Friday, October 23, 2020

À Nos Amours (Maurice Pialat, 1983)

Sandrine Bonnaire and Maurice Pialat in À Nos Amours
Cast: Sandrine Bonnaire, Maurice Pialat, Christophe Odent, Dominique Bresnehard, Cyril Collard, Cyr Boitard, Jacques Fischi, Valérie Schlumberger, Evelyne Ker, Pierre Novion, Tsilka Theodoru. Screenplay: Arlette Langmann, Maurice Pialat. Cinematography: Jacques Loiseleux. Production design: Jean-Paul Camail, Arlette Langmann. Film editing: Valérie Condroyer, Sophie Coussin, Yann Dedet. 

Maurice Pialat is one of those directors who don't make it easy for viewers. He likes jump cuts from time to place that keep you slightly off-balance, and he seems to be obsessed with dysfunction.
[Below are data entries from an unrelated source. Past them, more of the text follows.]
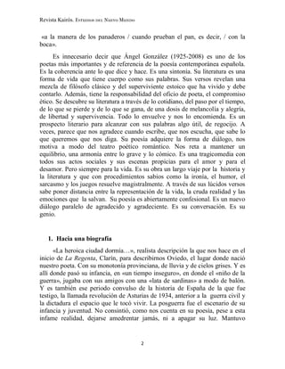 Este ensayo analiza la vida y obra del poeta español Ángel González. Se divide en tres partes: 1) una biografía que describe su infancia en Asturias durante la guerra civil y su carrera como profesor universitario, 2) un análisis de su poética y las influencias de poetas como Juan Ramón Jiménez, Antonio Machado y Luis Cernuda, 3) un estudio de su obra poética que expresa ideas sobre el compromiso social y la historia de España a través de un lenguaje sencillo. El ensayo proporciona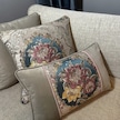 "royal" Dokulu Çiçek Desenli Kırlent - 45x45 Vizon - Mavi - Pembe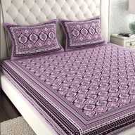 Leo Creation Cotton Double Bed Spread (Purple, White)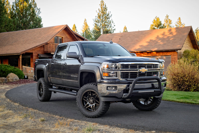 Protects your front end from flying debris with 3.5 inches of oval steel tubing. These bull bars also boost your visibility with an integrated 20 in. LED light bar. The included heavy duty light bar illuminates your night driving with a bright flood beam pattern and is easily wired into your factory light wiring, or a wiring harness can be purchased separately. Available in black textured powder coat or polished T304 stainless steel finish. Our popular LUND bull bars may now be ordered with a wire harness kit. The wire harness kit is also sold separately for lighting and accessories up to 30 Amps. LUND's bull bars with LED light bar and wiring kit is the total package to see and be seen, providing complete front end style, lighting and protection.

Not that À Nos Amours is hard to follow or hard to watch. It's graced with a skillful performance by Sandrine Bonnaire, making her screen debut in the key role of Suzanne, the teenage daughter in a family so volatile that it sometimes erupts into blows. Pialat himself plays the father, who finally gets so fed up with his wife (Evelyne Ker) and his dilettantish son (Dominique Bresnehard) that he abandons them -- not before knocking them around a few times. In response to this family craziness, Suzanne turns promiscuous, ignoring the attentions of Luc (Cyr Boitard), who loves her, and sleeping around until she finally decides to marry Jean-Pierre (Cyril Collard), though at the end of the film she has left him and is off to America. There's a raw immediacy to the film, created in part by Pialat's indifference to conventional exposition and transitions, so that we often feel as if we've been thrust into rooms to which we haven't been invited.